The cow swung its head toward me, revealing a hairy gob of grass protruding from its lips as it chewed on the rest of a recent bite. Then it pooped. Then it urinated on its poop. All the while staring at me and chewing. Infuriating.

"Yaaaah!" I yelled. "No pooping on the PCT!" I think it was the yaaah that did it, not the leave-no-trace pooping restrictions. The yaaah seemed to bungle around through the concentric fat folds in the cow's head until it eventually bumped up against a pecan-sized brain.

It trotted seven steps and stopped. Great. I stepped around the poop.

"Yaaah, you freakin' idiot! Yaaah!" It trotted seven more steps and stopped. Terrific. More yelling ensued.

This annoying process repeated itself for about ten frustrating minutes until suddenly, without warning, the huge black cow made a big decision. It turned around so it was facing toward me and then it stared at the fence for a while, no longer chewing.

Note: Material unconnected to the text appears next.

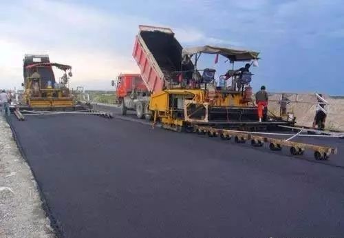 (3)沥青中、上面层摊铺建议采用带有自动找平装置的摊铺机摊铺,即采用平衡梁或雪橇式摊铺机摊铺厚度控制方式,直接接触式平衡梁的轮子不得粘附沥青。铺筑改性沥青或SMA路面时宜采用非接触式平衡梁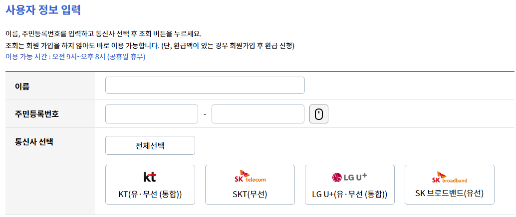 통신 미환급액 조회하기

I took this as my cue to pass and I jammed around it, cutting through the knee-high grass just off the trail, staying a hiking pole's length away. Just as I returned to the trail, the cow decided to do a little yelling of its own.

"Nuh-ooooo!" it cried. "Nuh-ooooo! Nuh-ooooo! Nuh-ooooo!"

You may not know this, but real cows never say "moo." Real cows reach way back in the back of the backy back back of the seventh sack of their seventh stomach to squeeze out sound and it ain't no measly "moo" that comes out, brothers and sisters. It's a gusty, gut-hard "Nuh-ooooo!"

In an instant, from the other side of the barb wire fence, came a chorus of supportive replies, "Nuh-ooooo! Nuh-ooooo! Nuh-ooooo!" Soon the whole countryside was nuh-oooooing! I halted in my tracks and turned to face the cacophony.

"I've got nuh-ooooos for you, moo-rons! I can nuh-ooooo, too!" And with that, I reached way back in the back of the backy back back of my single-sack, skinny-scrawny hiker trash stomach and pumped out the biggest, baddest "nuh-ooooo!" of them all! It silenced the herd and rumbled through the pasture like the roar of a jet ski engine. All their heads were facing me, staring stares that only cows can stare.


"That's right, cows!" I yelled. "I'm nuh-oooooing at YOU!"